------ Material provided ------
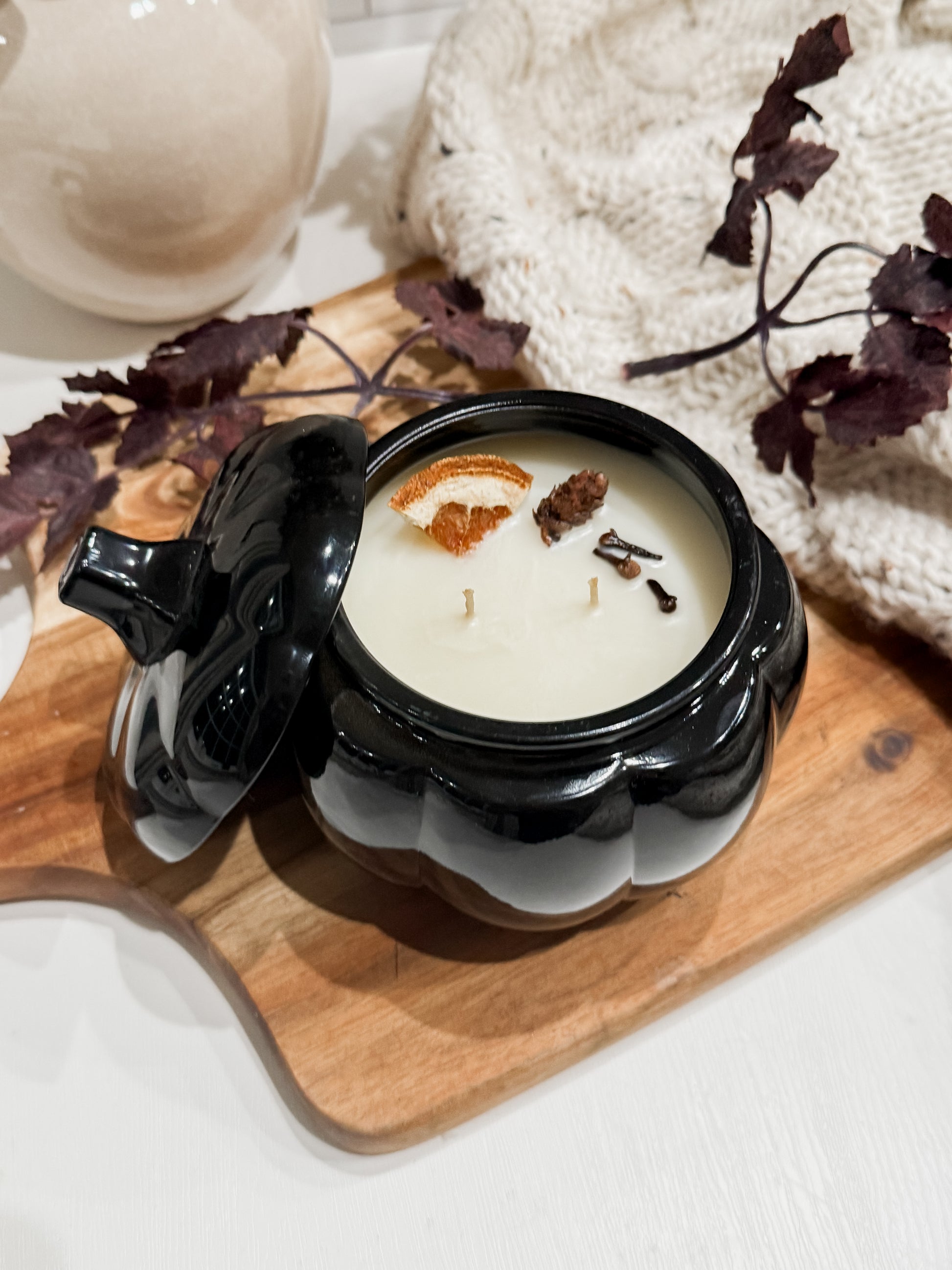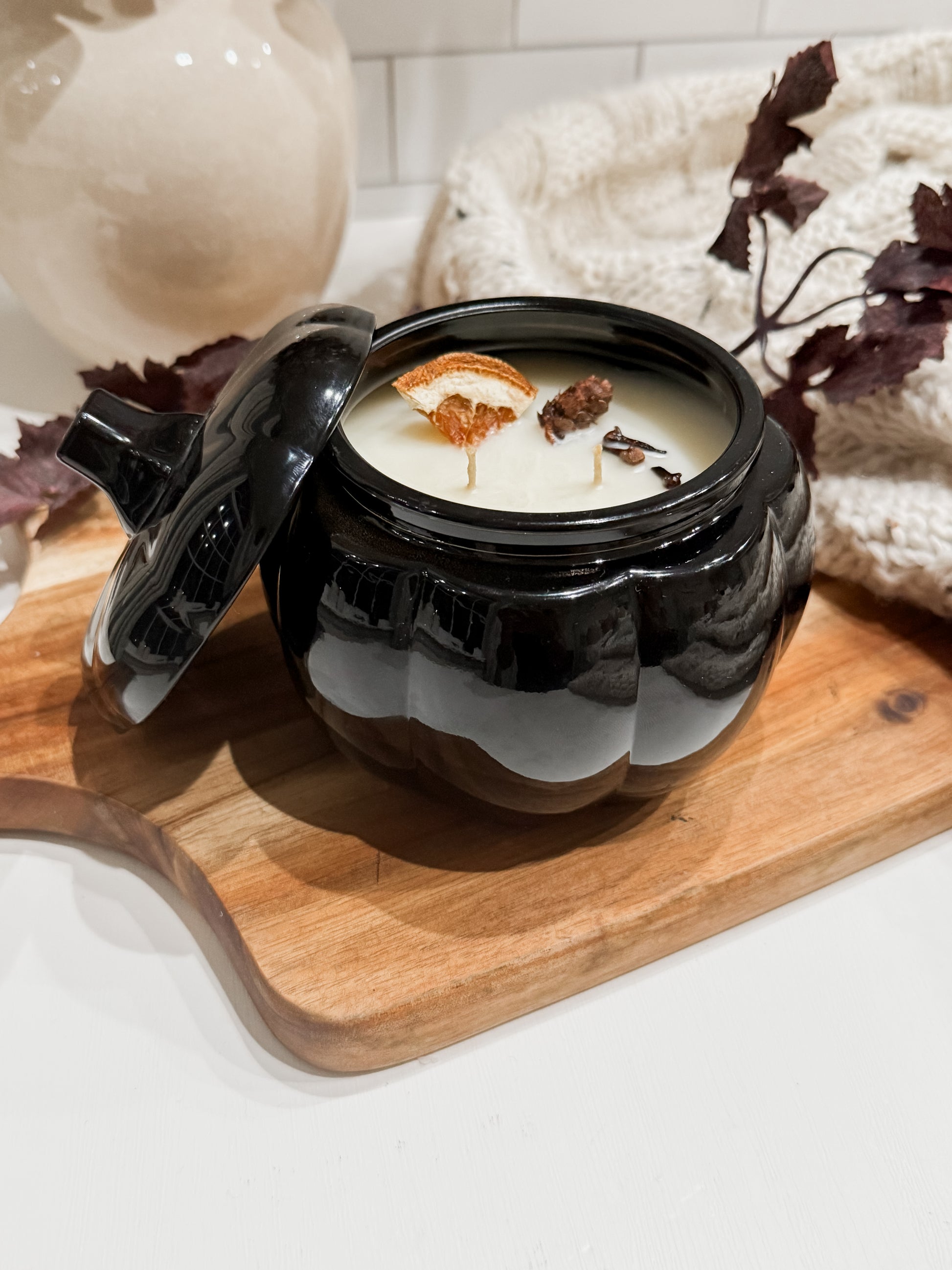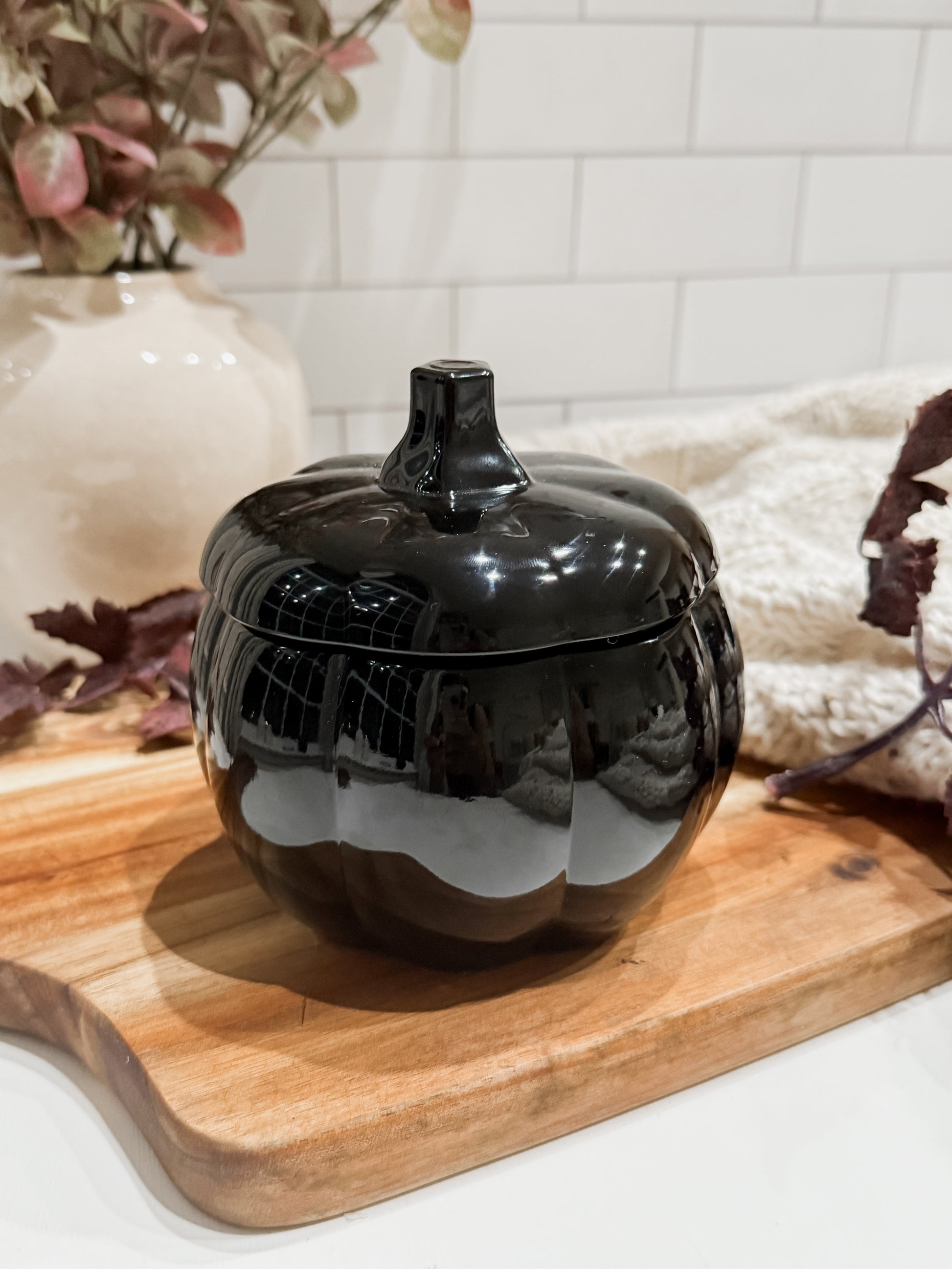 Add festive fun to your fall home decor with our Limited Edition gourd-looking Pumpkin Jar candles. This Midnight Black, double-wick, pumpkin candle comes with a lid-complete with stem. An adorable addition to your autumn and fall home decor.
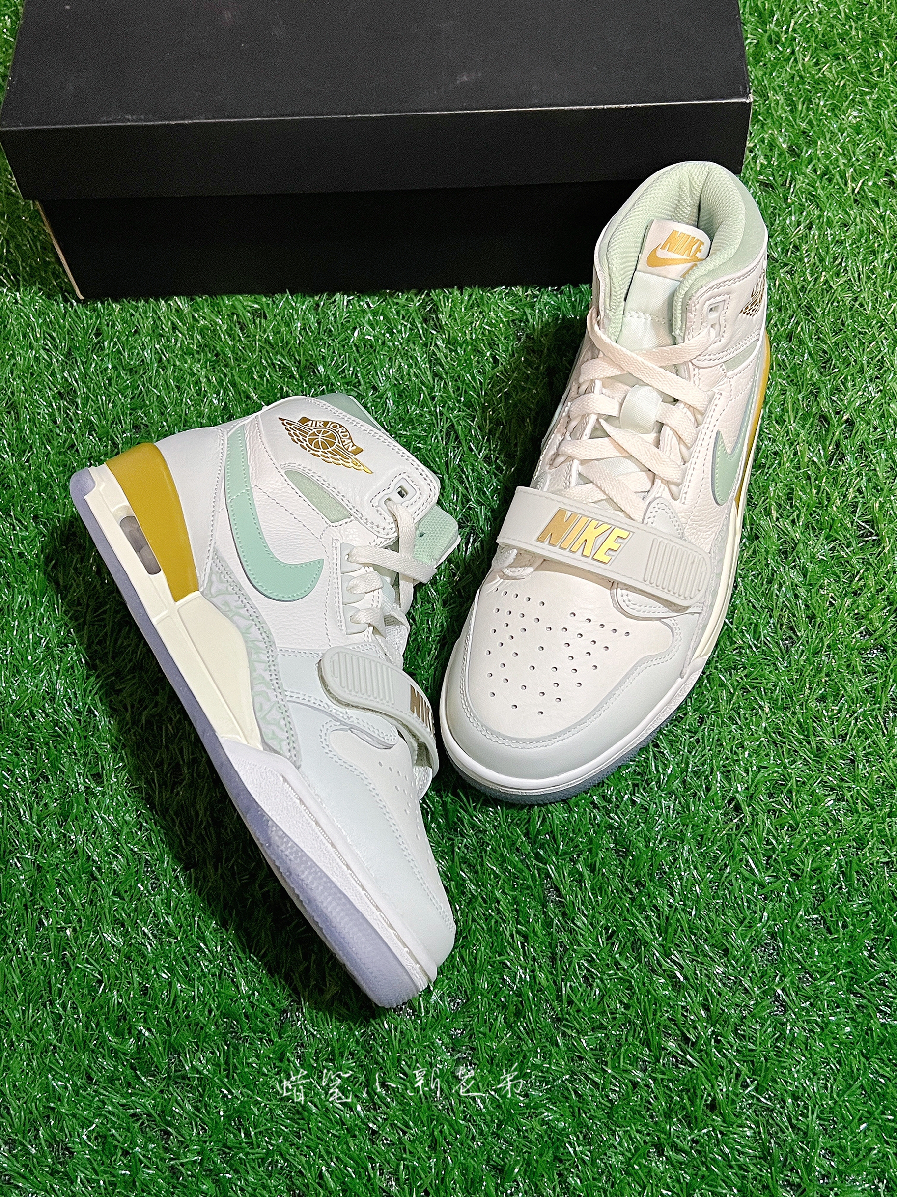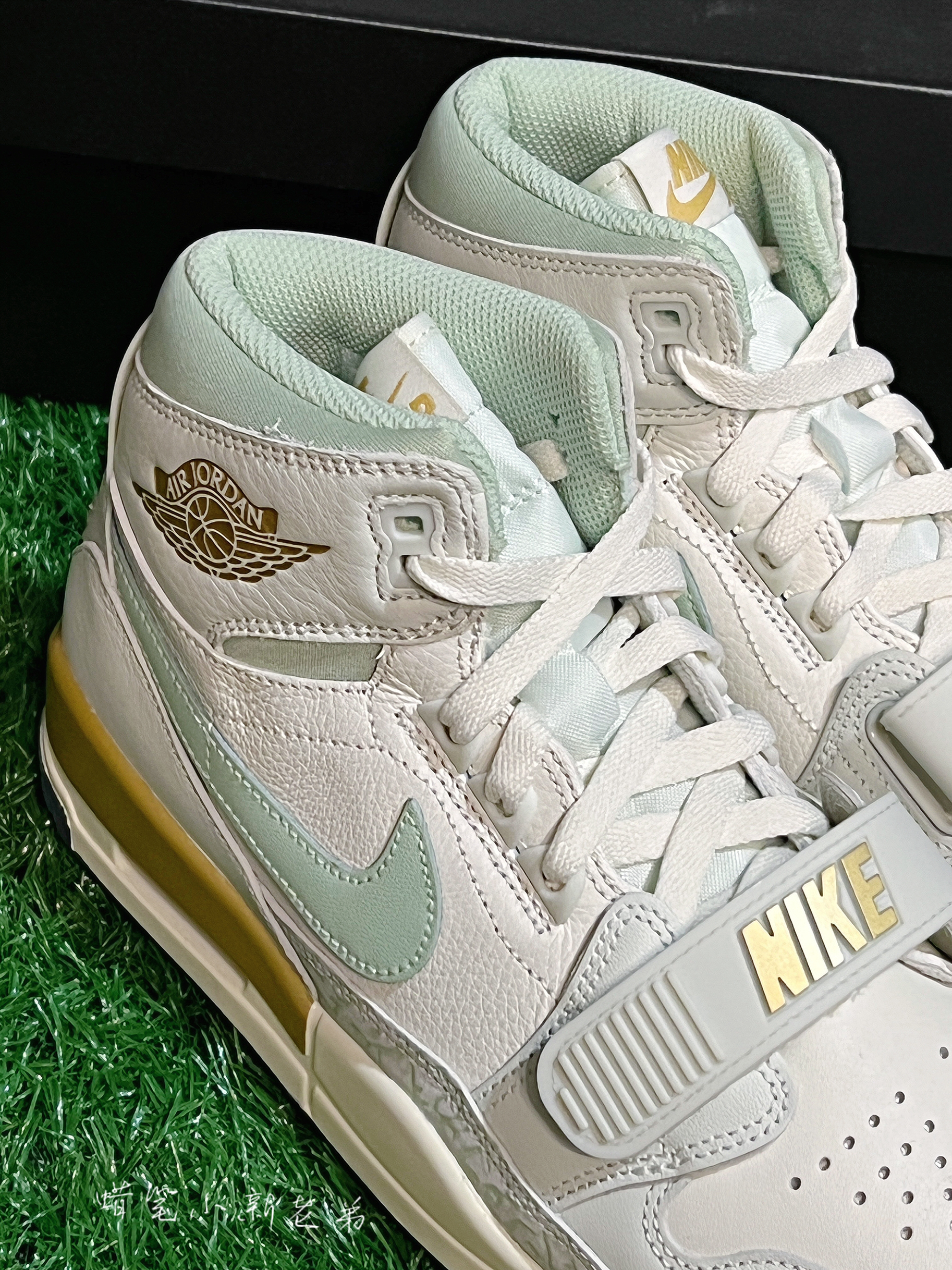 Air Jordan Legacy 312 "Year of the Tiger" 高帮复古篮球鞋薄荷绿虎年 鞋子整体采用了米白色➕浅绿色组成,魔术贴处和鞋舌都有着金色Nike字印,后跟金色飞人Logo,鞋身采用了皮革材质质感还是非常舒适的,透明水晶鞋底也是非常有特别,312是一个特别耐看的鞋型,适合秋冬季节穿,唯一的缺陷就是脚感比较一般
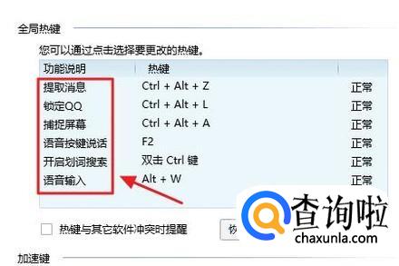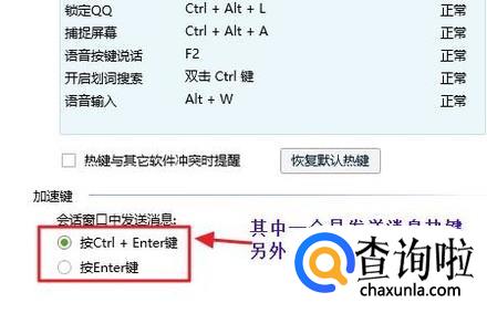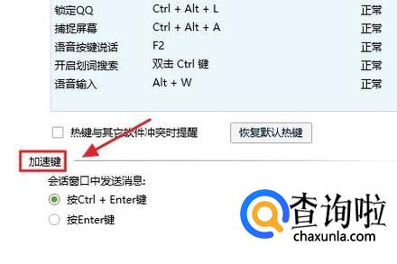 该页面的最下方有一项“加速键”,我们看到一共有两个选项可以用于发送消息,我们选中一个热键以后,剩下的那个就会自动默认为换行键了;
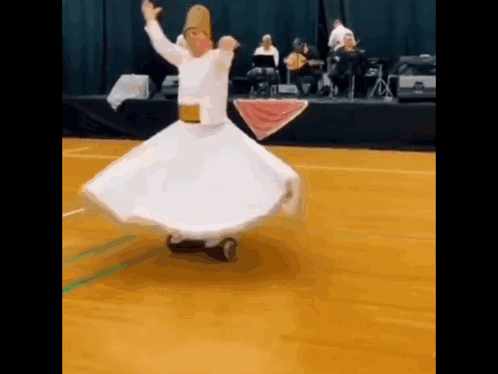Content Description: a man in a white skirt is dancing on a wooden floor .
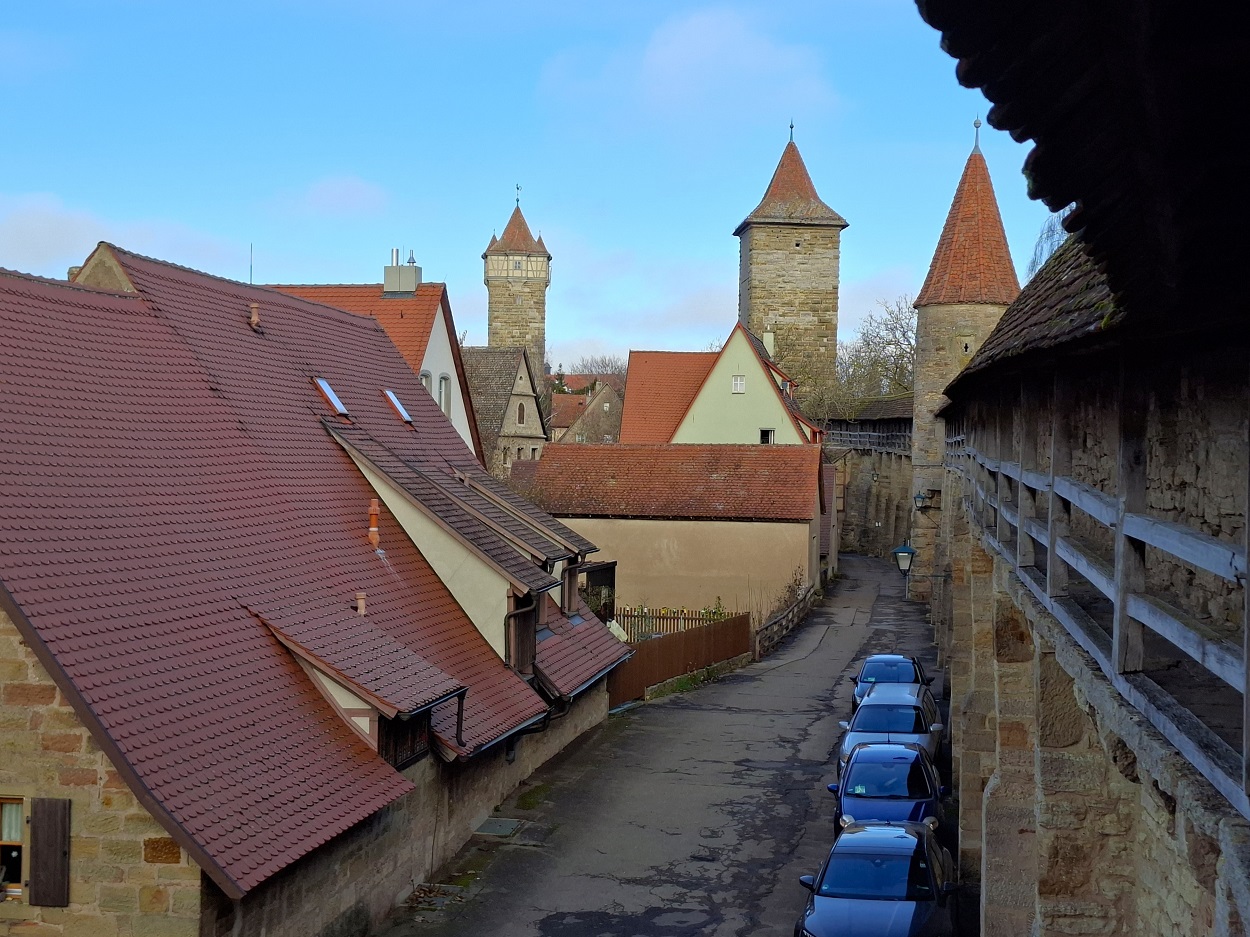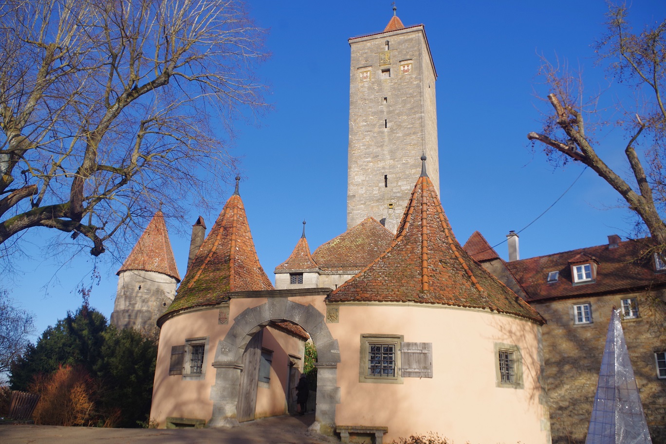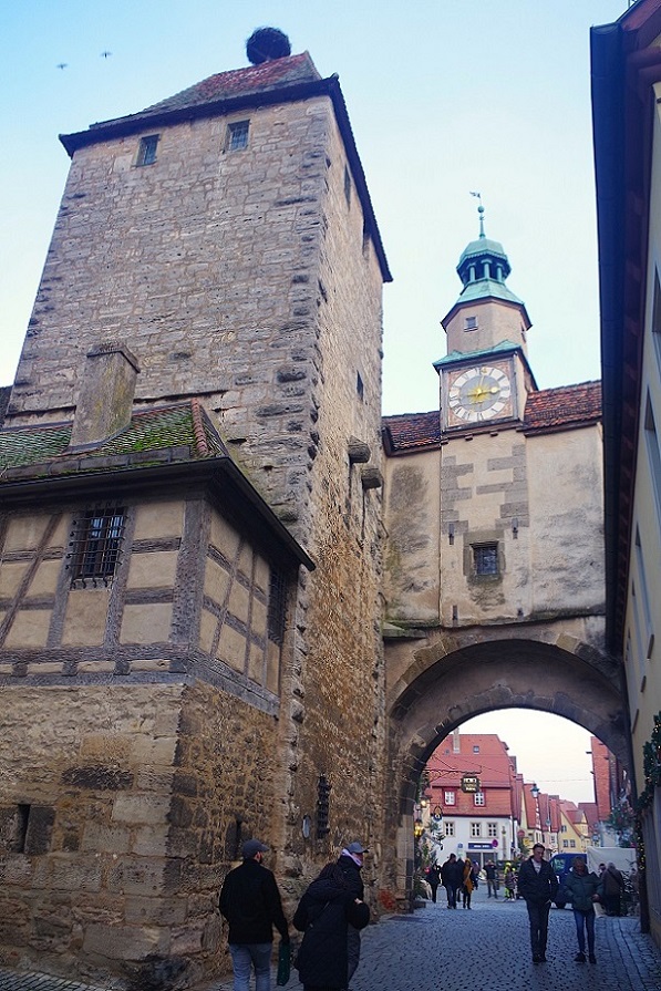 Dejamos las tiendas de navidad atrás y seguimos por esa calle hasta llegar a la puerta de la muralla que nos saca de la ciudad al recinto donde antiguamente estaba el castillo, y que hoy es un parque, llamado Burggarten. Abajo, una foto de esa monumental puerta (Burgtor) desde fuera. Desde aquí, hay amplias vistas del skyline de la ciudad, pero a esa hora estaba el sol de frente y se veía bastante mal. Desde allí fuimos por unas callejuelas muy solitarias, buscando el punto más fotografiado de Rothenburg.
------
The task >>
Print the data above exactly, minus pictures.

Your response >>
 Add festive fun to your fall home decor with our Limited Edition gourd-looking Pumpkin Jar candles. This Midnight Black, double-wick, pumpkin candle comes with a lid-complete with stem. An adorable addition to your autumn and fall home decor.
 Air Jordan Legacy 312 "Year of the Tiger" 高帮复古篮球鞋薄荷绿虎年 鞋子整体采用了米白色➕浅绿色组成,魔术贴处和鞋舌都有着金色Nike字印,后跟金色飞人Logo,鞋身采用了皮革材质质感还是非常舒适的,透明水晶鞋底也是非常有特别,312是一个特别耐看的鞋型,适合秋冬季节穿,唯一的缺陷就是脚感比较一般
 该页面的最下方有一项“加速键”,我们看到一共有两个选项可以用于发送消息,我们选中一个热键以后,剩下的那个就会自动默认为换行键了;
Content Description: a man in a white skirt is dancing on a wooden floor .
 Dejamos las tiendas de navidad atrás y seguimos por esa calle hasta llegar a la puerta de la muralla que nos saca de la ciudad al recinto donde antiguamente estaba el castillo, y que hoy es un parque, llamado Burggarten. Abajo, una foto de esa monumental puerta (Burgtor) desde fuera. Desde aquí, hay amplias vistas del skyline de la ciudad, pero a esa hora estaba el sol de frente y se veía bastante mal. Desde allí fuimos por unas callejuelas muy solitarias, buscando el punto más fotografiado de Rothenburg.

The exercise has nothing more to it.